To not have too many moving parts: Can you run with STRECHECKDBEVERY=1s on only one device that had such a panic and is shown as syncing on any other device. Does the line Repaired ... sequence entries in database appear then? And is it then shown as up-to-date on other devices?

If the answers to the latter two turn out to be yes, it very much points at unclean shutdowns being problematic. Which is bad, because we take great care to do atomic db operations, such that even on a crash the db should stay consistent. Meaning we messed up or the db implementation is messed up.

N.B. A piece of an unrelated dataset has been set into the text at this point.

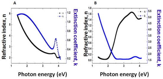 In Figure 7A, the estimated dispersion laws of the GO sample deposited with the dip-coating technique on magnetron-sputtered Ag/glass substrate by ellipsometry characterization are reported in the [1.3–4.1] eV photon energy range.

darkpixel · September 2, 2020, 6:38pm

{
  "availability": [
    {
      "id": "R4HOXEK-O4Q2J2L-MZIYGOB-B7DUWVI-YDCHH4L-U26HPCA-2EYLWIH-CI7B2AC",
      "fromTemporary": false
    }
  ],
  "global": {
    "deleted": false,
    "ignored": false,
    "invalid": false,
    "localFlags": 0,
    "modified": "2018-06-14T15:14:57.5989362-07:00",
    "modifiedBy": "ACQW3IT",
    "mustRescan": false,
    "name": "2017_ALL_LOCATIONS.xlsx",
    "noPermissions": true,
    "numBlocks": 1,
    "sequence": 101385,
    "size": 15851,
    "type": "FILE",
    "version": [
      "ACQW3IT:1599025637",
      "BHS4RWN:1599057984",
      "IM253BD:1599057953",
      "PK2ADL5:1599025637",
      "R4HOXEK:1599025638",
      "V2NGEXC:1599029835",
      "ZICYKLL:1599057944",
      "5RKFSGA:1599025642"
    ]
  },
  "local": {
    "deleted": false,
    "ignored": false,
    "invalid": false,
    "localFlags": 0,
    "modified": "2018-06-14T15:14:57.5989362-07:00",
    "modifiedBy": "UMMCTFK",
    "mustRescan": false,
    "name": "2017_ALL_LOCATIONS.xlsx",
    "noPermissions": true,
    "numBlocks": 1,
    "sequence": 43335,
    "size": 15851,
    "type": "FILE",
    "version": [
      "UMMCTFK:1599025641"
    ]
  }
}

darkpixel · September 2, 2020, 6:40pm

Running this on USLOGSDNAS01 which had a panic and is usually the machine referred to in the out-of-sync list as the file modifier.

It’ll probably take an hour or so for it to scan and sync with the other boxes. I’ll let you know shortly.